Harnessing the Power of Insulin to Combat Postoperative Delirium

Molecular Structure of Insulin

While insulin widely known is a hormone that plays a crucial role in regulating blood sugar levels, it plays a broader role in metabolism, mental health and protection against frailty. Its promise as a treatment for presenting postoperative delirium has been only recently characterized.

Postoperative delirium is a common complication following surgery, particularly in older adults. It is characterized by a state of confusion, disorientation, and changes in cognition that can occur after an operation. The exact causes of postoperative delirium are not comprehensively understood, but evidence from animal models supports several factors as contributors to its development, including: • Downregulation of mammalian/mechanistic target of rapamycin (mTOR) • Activation of GSK-3\(\beta\) (glycogen synthase kinase-3\(\beta\)) • Activation of eukaryotic elongation factor 2 kinase (eEF2K) • Reduction of presynaptic proteins such as synapsins and synaptophysin • Reduction of brain-derived neurotrophic factor (BDNF).

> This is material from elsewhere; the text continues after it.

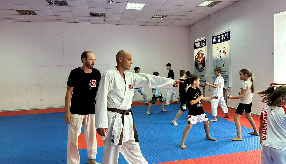 Армавир, 14 августа. В Армавире сотрудник Госавтоинспекции старший лейтенант полиции Денис Горьев встретился с воспитанниками спортивного клуба шотокан каратэ-до «Тэккэн». В рамках акции «Зарядка со стражем порядка» полицейский показал детям основные упражнения, которые необходимо выполнять ежедневно.

Disruptions in insulin signaling, such as insulin resistance or impaired insulin secretion, have been associated with cognitive impairments and an increased risk of developing CNS disorders such as Alzheimer’s disease. While the mechanism of insulin in its prevention of postoperative delirium is complex and not completely understood, a number of important clues have emerged. In part, insulin helps prevent postoperative delirium by activation of key biochemical pathways, including Akt and ERK. Downstream from Akt and ERK, insulin activity in the CNS includes: • Inhibition of important enzyme targets eEF2K and GSK-3\(\beta\). • In turn, inhibition of eEF2K increases levels of important proteins, including BDNF, synapsin and synaptophysin. • Meanwhile, inhibition of GSK-3\(\beta\) decreases neuroinflammatory processes associated with neurodegenerative diseases such as Alzheimer’s. Inhibition of GSK-3\(\beta\) also decreases the hyper-phosphorylation of tau associated with the development of neurofibrillary tangles in Alzheimer’s disease, postoperative delirium and other CNS disorders.